Money is a funny thing. It is widely debated whether money buys happiness. Many people have a volatile relationship with money. Some work so hard for money and financial success but lose track of other meaningful things in life. Others worry they will never have enough, no matter how hard they work. Then there are those that seem to have more than enough money and are not deserving. However, not everyone has these types of relationships with money and have figured out a good way to look at and manage a money relationship. Realizing this, I want to share my financial story and what I believe truly successful people do in order to find financial peace.

Being married to a financial planner, you would think I have a balanced relationship with money. But I have my ups and downs. Growing up my parents raised me to save and to budget, and being the achiever that I am, I was really good at following the rules I was taught. As a teenager, I saved money from the time I was 9 or 10 from doing chores or babysitting to buy my first car. In college I spent each summer earning just enough money, to get by each week of the school year to keep up with my friends. After college, it was very important to me to live independently, but my job would not support that lifestyle. Instead of living at home, I cashed out 21 years’ worth of savings bonds, to help supplement. That money lasted me years. I earned, budgeted and saved, just as I had done my whole life.

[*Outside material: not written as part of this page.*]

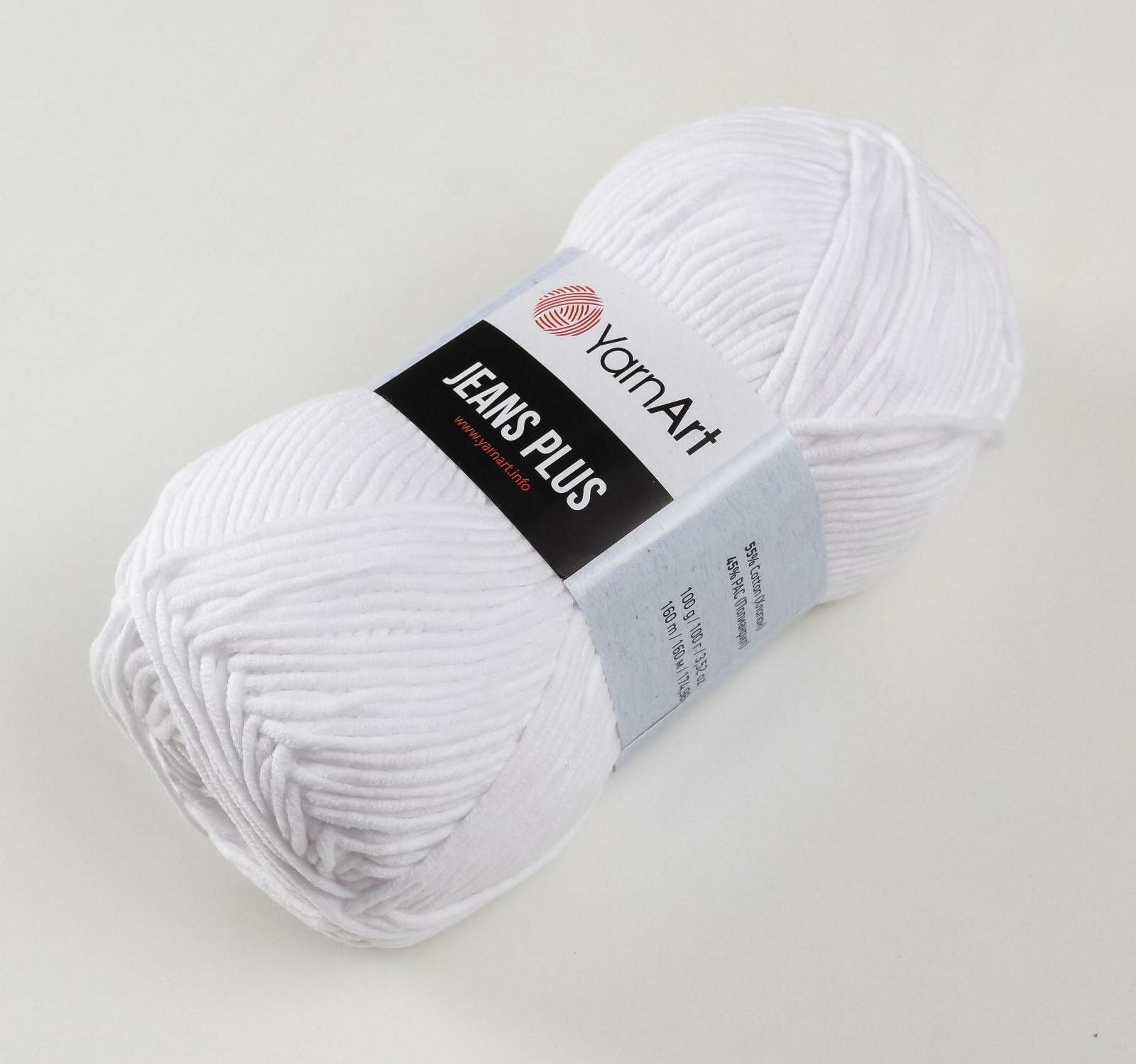 Пряжа для вязания YarnArt Jeans Plus, цвет 62 ультрабелый, моток 100г, 160м, 5 мотков

I continued to grow my income year after year, but at the age of 26 things changed. My income suddenly multiplied by 5 in only 6 months. Instead of continuing to budget I felt a sense of financial freedom. I wanted a break from penny pinching and was spending (never lavishly, but a lot more than I should have) without thinking twice. It was a great feeling to feel free from all that saving and budgeting. My husband and I were able to pay for a large portion of our wedding with no sweat off our back, and without asking our parents for more money as wedding expenses grew. We took amazing vacations after vacations, fancy dinners out and bought really nice gifts for ourselves and others. Then things changed again. Our income stood steady, but we added to our lifestyle, bought a house (a house full of problems that cost us a lot more money), and started a business, while not budgeting back and re-evaluating our lifestyle. And today for the first time in our lives we have debt, which forced me to start thinking a lot more about money.

I wanted to share my money story, so I could let go of it and re-focus the way I look at money, (so thank you for reading). Our debt had been bothering me recently when someone took note and reminded me I was only getting in my way of more money coming in. I need to let go of worrying how it is coming in or how it is going out to continue my pursuit of success. That does not mean I live in denial, or am faking it till I make it, but to have faith it will all work out, which I do. I also believe one has to spend money to make money and supporting our business ventures in a responsible way is deserved and necessary to grow.

There are several other lessons around my relationship with money I have learned, and continue to learn. Nothing was clear until I gave myself a true reality check. Instead of not looking at our finances and allowing my husband to handle it all, I took a clear look and accepted what existed. I now spend time a few times a week looking at what is coming in and what is going out, but not being attached to it emotionally. Just having the knowledge has allowed me the power to let go and have faith.

I also remind myself things will work out because they always have. I am not preparing for things to not work out because that is just me worrying and getting in my own way again. We always find a way to make things work, and this is no different, there is always more available from where that success had stemmed.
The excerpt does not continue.